The New Jersey Department of the Public Advocate was a department within the Executive branch of the government of New Jersey that acted as a voice on behalf of the people of the state. It was responsible to make government "more accountable and responsive to the needs of New Jersey residents" through legal advocacy, policy research and reform and community and legislative outreach.

The department was originally created in 1974 by Governor Brendan Byrne, The first Public Advocate was Stanley Van Ness.

The agency was dissolved in 1994. The New Jersey Legislature passed the Public Advocate Restoration Act in 2005, which was signed into law on July 12, 2005, by Governor Richard Codey.

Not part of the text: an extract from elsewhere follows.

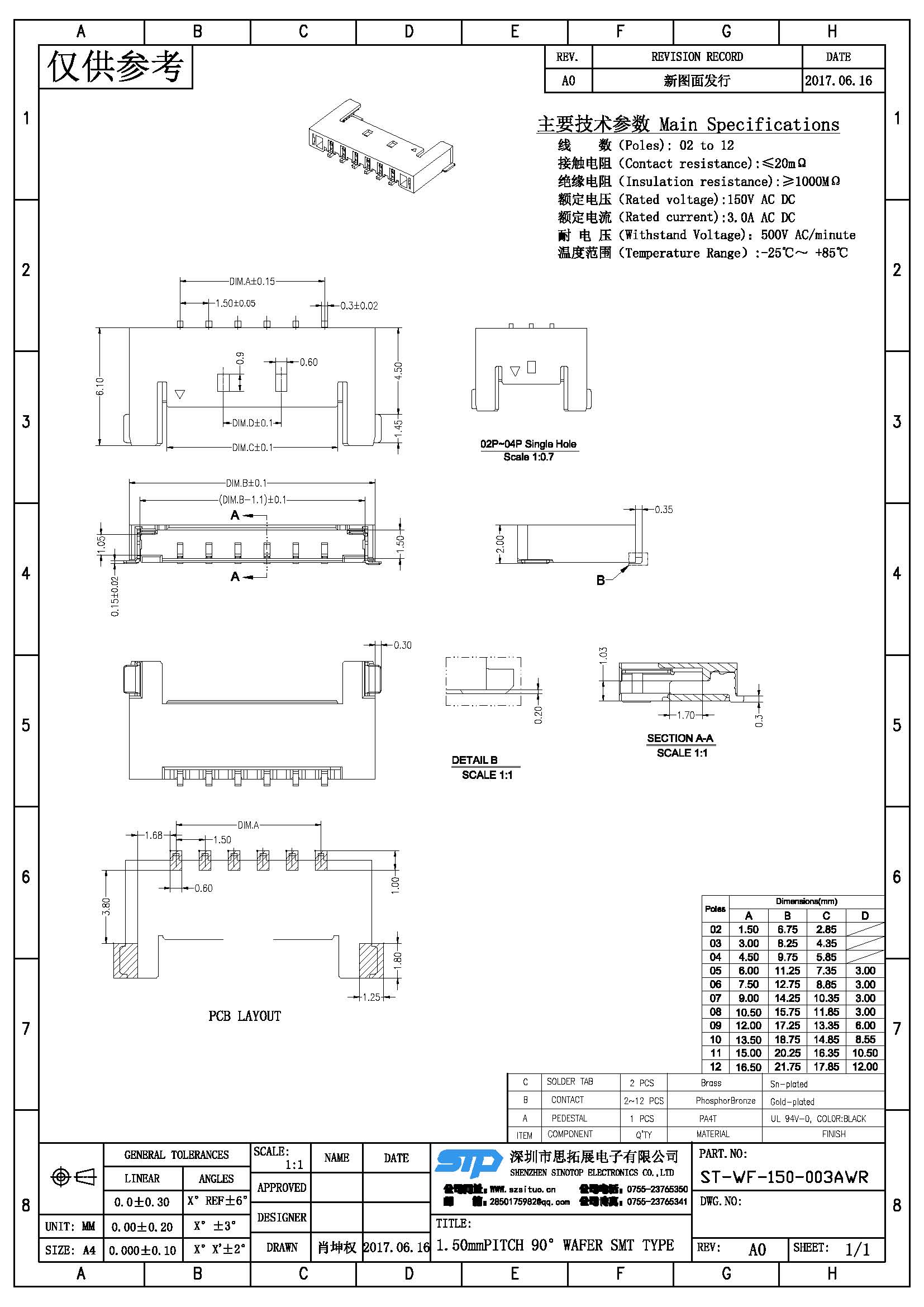 Spec:1.50mm PITCH 90° WAFER SMT TYPE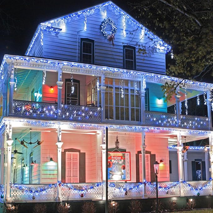 - Connectable LED Christmas Lights: Total length: 23m/76ft, LED string light length: 20m/66ft, lead wire length: 3m/10ft. Blue and white Christmas lights come with male and female safety plug, connect up to 5 sets lights, the connectable led string lights are perfect for decorating large areas.

In 2006, Governor Jon Corzine appointed Ronald Chen to serve as the first Public Advocate since the position had been abolished in 1994.

The previous Public Advocate was Zulima Farber, who served as state Public Advocate from 1992 to 1994 in the Cabinet of former Governor James Florio.

Wilfredo Caraballo served as Public Advocate from 1990 to 1992, resigning in protest of Republican Party efforts in the legislature to reduce his powers.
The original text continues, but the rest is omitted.